軍需部徹底閑了下來。

再不見往日前來支領軍需的士兵吵嚷,門可羅雀,經常整日整日的看不到人。

我從沒如此清閑過,日上三竿才起床洗漱,搬上桌椅坐在院中等待敲門的人。

可是我等啊等,除了徘徊在院中嘰喳的麻雀,什麽也沒有等來。

傍晚收桌椅時,凝結的墨硯和凍幹的毛筆仿佛也在期待著,期待我重新執筆的那一天。

與兵部的交接進入了尾聲,成摞的軍需表被侍從們搬運至了兵部庫房。

那上麵一筆一劃的數字和算法是那麽的熟悉又陌生,我好像很久很久都沒有做過計算了。

躊躇滿誌的一身本領,仿佛隨著戰爭而消散,無所事事的我,每日遊**在在京城。

我開始懷念從前。

巨大的空虛感席卷,讓我無所適從。

曾經幾日幾夜的鏖戰時,我多麽祈盼戰爭的結束,讓我能睡上三天三夜。

可如今別說睡上三日了,就是五日,十日也無妨。

金舜的朝廷,好像一夜間,就不再需要我了。

早起的嚴決明撒了穀子在院子裏,逗弄著留戀美食的麻雀,怡然自得。

見我從屋子裏出來,道:“今兒你起得倒早。
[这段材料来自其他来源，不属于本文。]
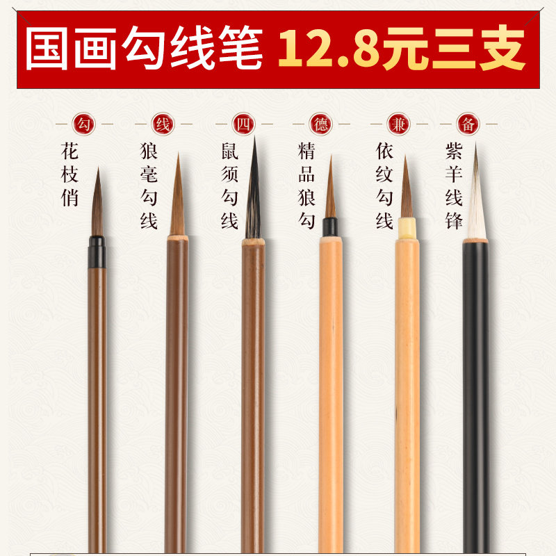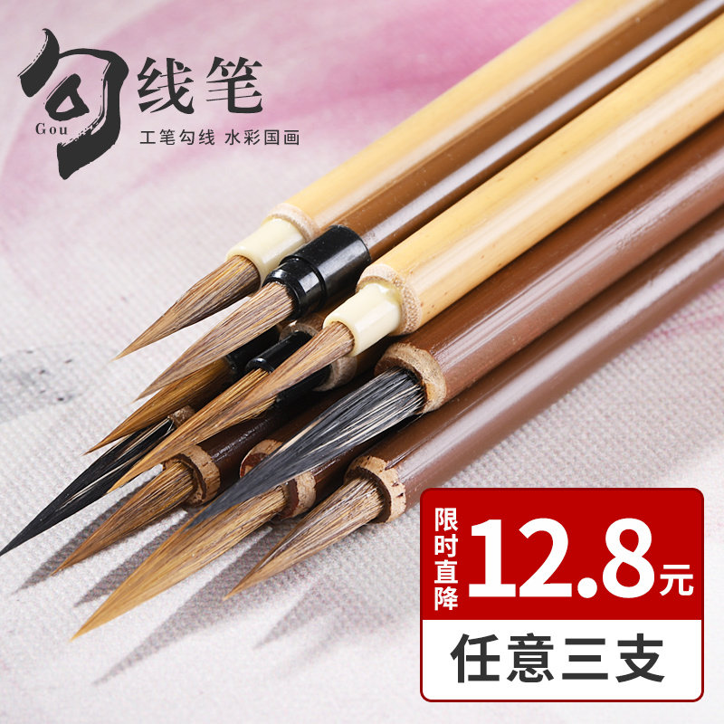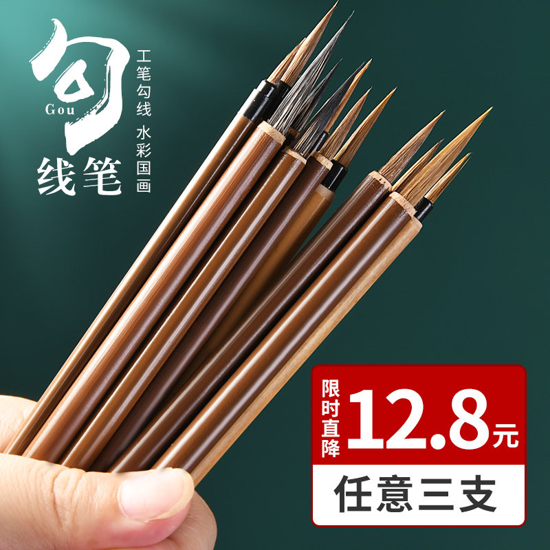 国画勾线笔专用毛笔狼毫勾线笔特细小号工笔画花枝俏叶筋笔瘦金体笔专用专业级花鸟描边水彩水粉极细中衣纹笔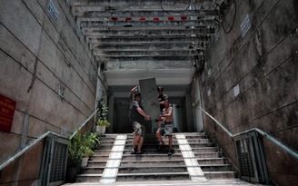 Người dân cư xá Thanh Đa khiêng đồ đạc ra khỏi căn hộ, chuẩn bị bàn giao mặt bằng cho dự án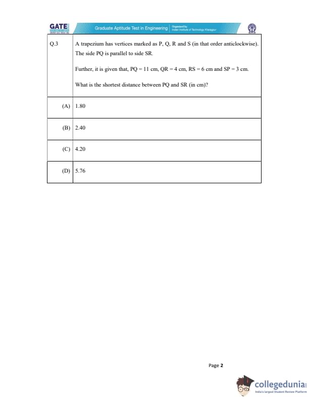 A trapezium has vertices marked as P, Q, R, and S (in that order anticlockwise). The side PQ is parallel to side SR. Further, it is given that, PQ = 11 cm, QR = 4 cm, RS = 6 cm, and SP = 3 cm. What is the shortest distance between PQ and SR (in cm)?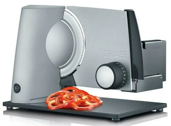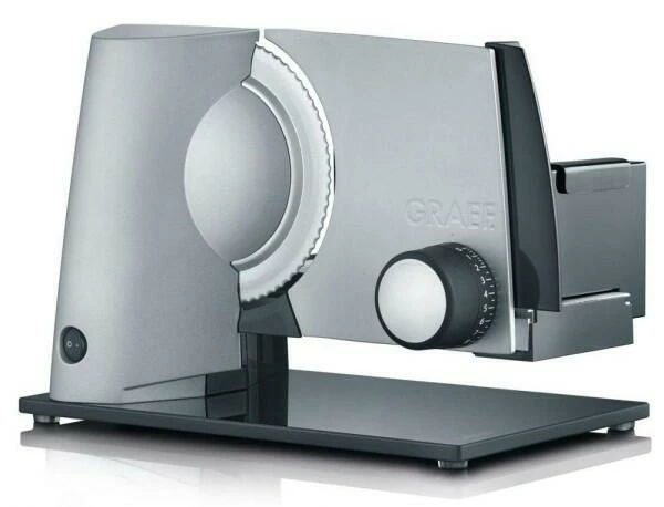 Allesschneider Sliced Kitchen SKS 32000 in silber. Schnell und präzise verwandelt der neue Allesschneider von GRAEF alle Ihre Zutaten in hauchdünne Scheiben, wodurch sich die Aromen noch intensiver entfalten können. Zusätzlich glänzt der Allesschneider durch Sicherheit, Qualität, Komfort sowie raffinierten, innovativen Details. Das ideale Einsteiger-Modell im edlen Design – Made in Germany.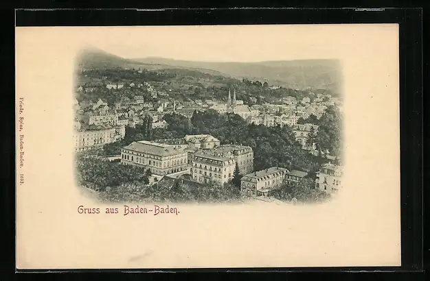 AK Baden-Baden, Teilansicht mit Kirche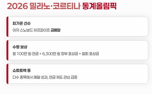 최근 2024년 파리 하계올림픽에서 한국 선수들은 여러 종목에서 메달 성과를 냈고, 2026년 밀라노·코르티나 동계올림픽에서도 스노보드, 쇼트트랙 등에서 메달이 이어지고 있습니다. 예를 들어 2026년 밀라노·코르티나 동계올림픽에서 여자 스노보드 하프파이프 금메달리스트 최가온 선수는 정부 포상금과 협회 보상금, 그리고 연금 시스템의 혜택을 동시에 받게 되었습니다.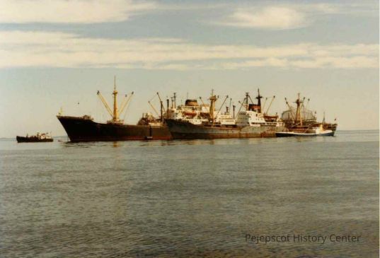 A photo of Russian ships off the coast of Harpswell. The ships are likely processing ships, where workers would process fish into fishmeal. The ships have Cyrillic text on the side. A USSR hammer and sickle insignia is visible on the larger boats. There are 2 smaller ships and either 2 or 3 larger ships, though it is difficult to tell with the detail of the photo. No people are visible on board the ships.Collection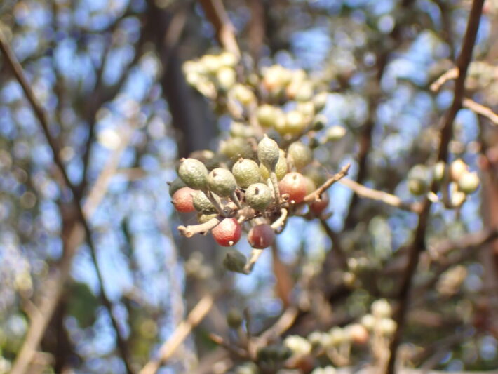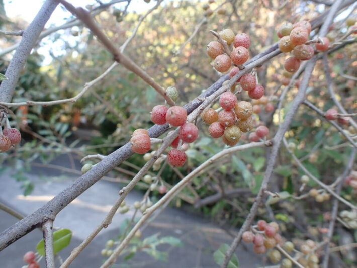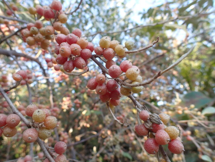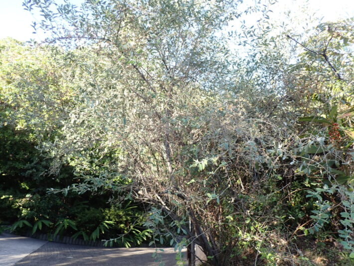 色づくアキグミ 公開日:2025年12月10日 こんにちは閑話猿です。 アキグミ(秋茱萸)が色づいてきています。豆粒大の小さいグミがたくさんついていたものが、次第に色づいてきました。 ナワシログミのように食べ応えがあまりなく、若干渋みがあります。このアキグミは痩せた土地でも育つため、緑化に利用されることもあるようです。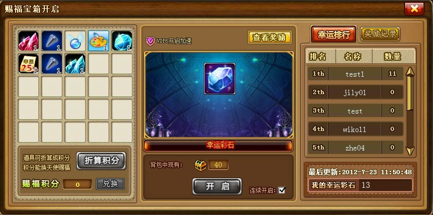 前十名的奖励获得需要幸运彩石的数量不能低于70个。活动结束后系统将弹出“幸运彩石奖励兑换“列表,弹友可查看前十排名和奖励物品。。奖励在活动结束后将通过邮件发送给各弹友(奖励物品均为绑定),活动期间所获得幸运彩石也将回收;前十名所获得的神器和戒指,有效期为23天,且不能在铁匠铺进行操作及续费,过期即消失。

”

“嗯...”端了水盆準備洗漱,隨口道:“怎麽你今兒不去上朝嗎?”

“請了假。”

嚴決明拍了拍手上剩餘的穀子,笑眯眯道:“京城新開了家酒樓,帶你去嚐嚐。”

“哈?”我笑:“什麽酒樓,和你翹班有什麽關係?”

嚴決明不答,笑嘻嘻地推著我,催促我快快換好衣衫,便拉著我出了門。

得勝酒樓的招牌極大,隔著老遠便看到了烏底金漆的牌麵。

酒樓前人影攢動,京城百姓幾乎傾巢而出在酒樓前排起隊伍來。

我不禁咋舌,這酒樓什麽來頭,這樣多的人。

可看清酒樓前的橫幅我便曉得了,花鶯子這個熟悉的名字列在幅前,十分醒目。

反觀身側的嚴決明眼睛都綠了,急吼吼地拉著我排在了隊伍中。

“花鶯子誒!”嚴決明竊竊地小聲道:“花鶯子誒!”

“.....”嚴決明這個喜悅模樣同追星少年有啥子不同,小手手捏著我的袖口,興奮地搖著。

交了錢,進了二樓的包間。

一樓大堂已經人滿為患,二樓的低消十分高昂,雖然開業大吉打了八折,可這幾十兩銀子的價格也讓我心驚肉跳。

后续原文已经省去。